Exclamo para finalmente retirarme hacia la puerta por la cual entramos, regresando al fresco y ventoso exterior. Las “cosas de Samuel” resultan ser solo una mochila algo grande pero no precisamente llena. Supongo que lleva ropa, no tengo idea. No pesa mucho.

Cuando vuelvo a entrar al edificio, evidentemente no se encuentran más en la espera del ascensor. Subo sola, cargando la mochila de él en mi espalda y llevando la mía colgada en la mano, ya que pesa menos.

Cuando las puertas de aquella cabina se abren, veo al médico de la izquierda, el poco hablador, parado solo en el pasillo, husmeando su teléfono. No llego ni a pisar un pie fuera del ascensor cuando el de los rulos aparece, saliendo del departamento y se une a su colega, viéndome acercarme a ellos en ese preciso instante y manteniendo la mirada en mí. Un instante después también se le une su colega.

—¿Hay algún problema?

Pregunto al no entender la situación.

—¿Usted quien vendría a ser del paciente? Perdone por la pregunta.
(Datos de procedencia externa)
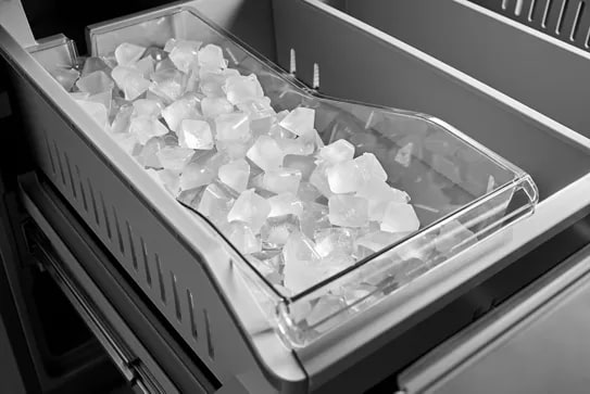 holds over 7 lbs of ice with a built-in ice maker in freezer. Use it to fill the cooler, or turn it off for additional frozen storage space.
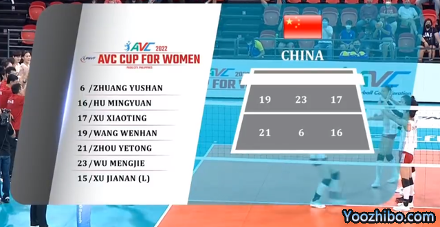 中国女排首发阵容:主攻:庄宇珊、吴梦洁、副攻:胡铭媛、王文涵、二传:许晓婷、接应:周页彤自由人:许嘉楠
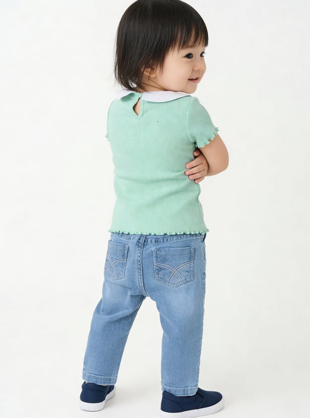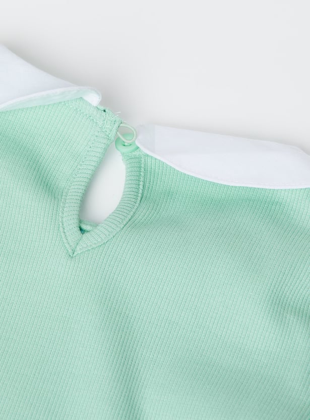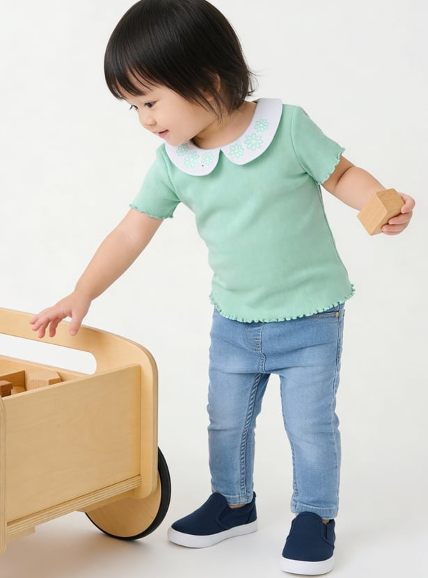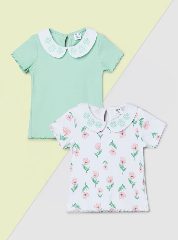 Refresh your wardrobe with this assorted top pack of 2. Each piece features a charming Peter Pan collar, half sleeves, and a button closure at the back for a neat finish. Designed for comfort and style, these tops are perfect for both casual and semi-formal occasions.
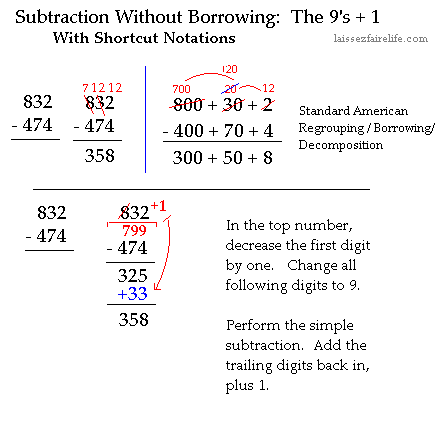 If you have a number like 1000 and from it you subtract 777, that is a lot of borrowing with zeros if you choose to regroup/borrow. You can add up to find the answer, of course. Another way is to decompose 1000 into 999 + 1. Then you subtract 777 from 999 and add back in the extra +1. Since all the digits in the minuend (number being subtracted upon) are 9, the subtraction is easy.
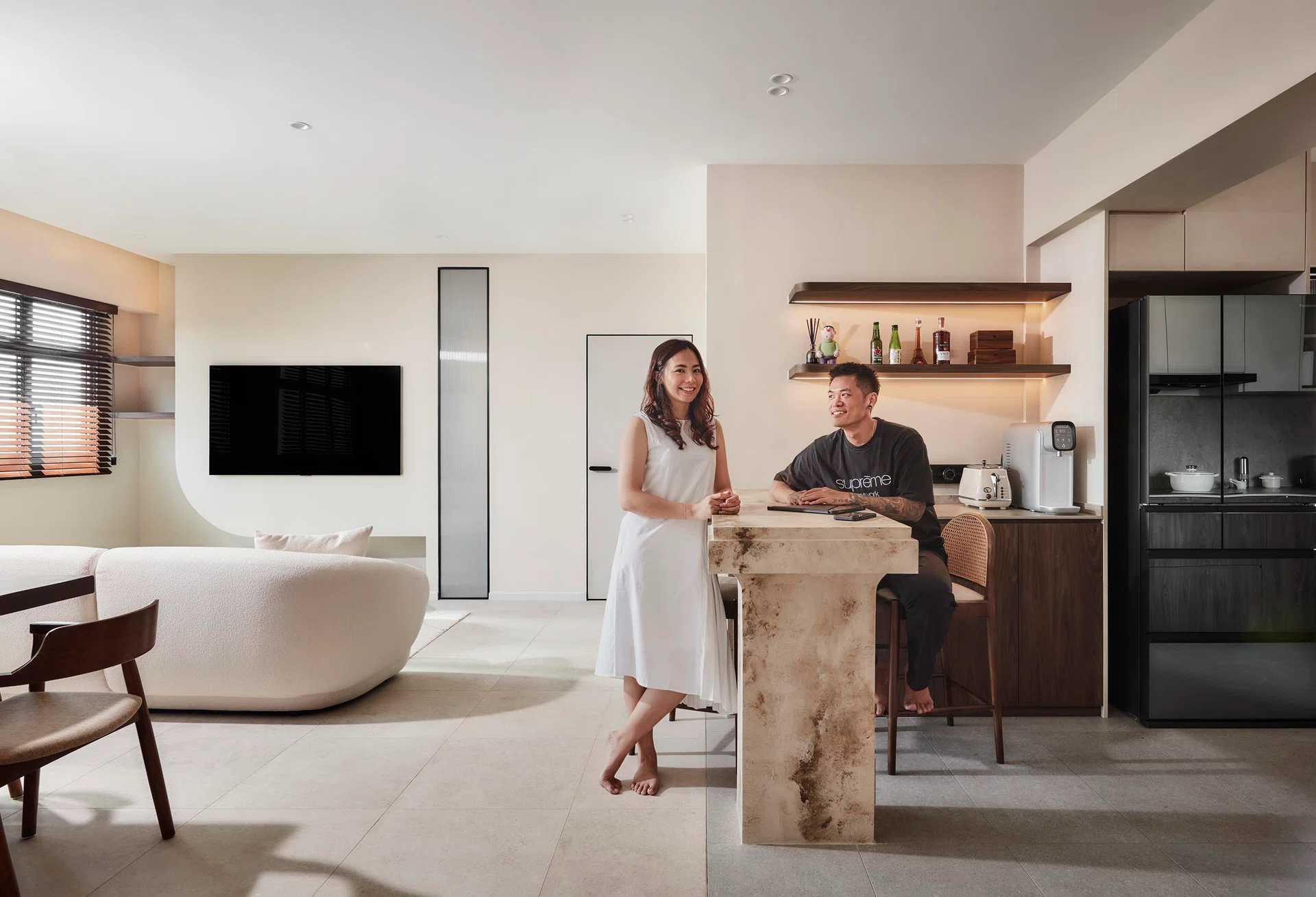 From the moment you step into Crystal and Ben’s home, you get the sense that this isn’t just a carefully renovated 4-room resale HDB flat — it’s a deeply personal space that reflects their shared routines, tastes, and quiet creativity.
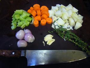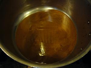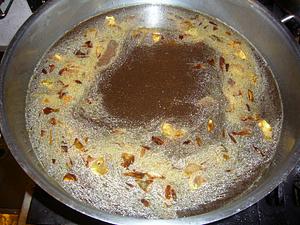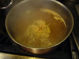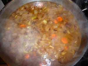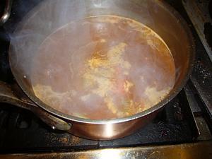 Add the roux mixture to the remaining simmering stock together with the herbs. Be sure to clean out the pot. Simmer for about 2 hours or until reduced by a third. Strain and chill.
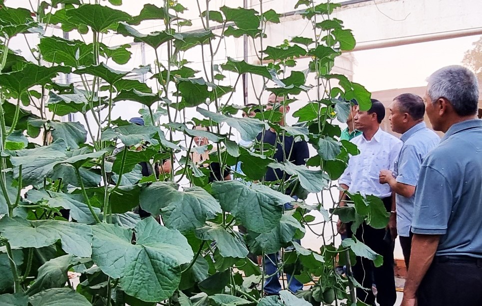 | Người dân tham quan học hỏi mô hình trồng dưa lưới của trang trại Ông Tám. Ảnh: Hoàng Hoài. |
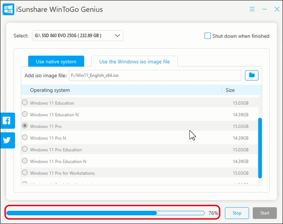 方法 1 — 使用 iSunshare WinToGo Genius 创建 Windows 11 可启动 USB

Cuestiona el enrulado, con un tono algo cuidadoso.

—Amiga íntima.

Me apresuro a soltar, ni yo sé por qué.

—Bien. Ehm…

—¿Qué pasa? ¿Él está bien?

Ya mi tono es de interrogatorio, y me estoy proponiendo entrar a ver qué ocurre ahí dentro.

—Él está bien, no se preocupe (aclara, tratando de calmarme). Resulta, señorita, que…hay un malentendido con los gastos de internación. Si bien el hospital no es precisamente caro...

Mentira, si lo es.

—…es imposible no…cobrar los servicios.

—Yo misma pagué casi toda su internación.

Lo que me encuentro me sorprende: la habitación está casi a oscuras. No veo nada a primera vista, pero forzando la mirada logro ver una sombra moviéndose en la cocina. Me acerco, encendiendo la luz antes de avanzar, cuyo interruptor tardo en encontrar, ya que se esconde en el hueco que hay entre la heladera y una columna.

Finalmente, estoy mirando a un Samuel de espaldas.

—No tendrías que estar de pie. ¿Qué hacés?

Pregunto, algo perdida y sin contexto. Por el movimiento de los hombros llego a la conclusión de que está haciendo algo con las manos. Su cabeza esta agachada, con la mirada en la mesada.

—Samuel.

Digo, acercándome y poniéndome a su lado. Al tocarle el brazo noto que se tambalea un poco y diviso un bol con algo líquido dentro y una sartén en el fuego. La mano de él tiembla.

—Mirame.

Vuelvo a tocarle el hombro, esta vez obligándolo a girarse hacia mí y teniendo ante mis ojos una imagen que me hace pensar en que quizás los médicos se fueron demasiado pronto.

Samuel está pálido, mucho más pálido que en el hospital el otro día. Un sudor frío le cubre la frente y el cuello de la remera que lleva se encuentra mojado. Tiembla y le cuesta mantener la vista firme.

—Estoy mareado.

—Si, ya lo noté. ¿Qué hacés acá, pedazo de terco?

—Quería hacerte…

Toma aire, llevándose la mano a la frente, supongo que tratando de evitar caerse.

—…panqueques.

Pronuncia finalmente, mirando a su alrededor con confusión. Desvío la vista hacia la sartén y el bol, y por primera vez noto que hay un batidor de mano a su costado.

—¿Te pusiste a batir de forma manual con cuatro costillas rotas?

En su rostro se ve que de repente es consciente de la mala idea que parece ser lo que hizo y asiente, cerrando los ojos con fuerza. Y es segundos después cuando siento de forma brusca un peso mayor en mis hombros y me cuesta que no se me doblen las piernas. Las de él no tienen esa fuerza debido a su estado y la falta de equilibrio de su cuerpo me empuja hacia el mármol de la mesada.

Para cuando me percato de la situación y nos miramos a los ojos, estos están demasiado cerca y sus labios casi rozan los míos.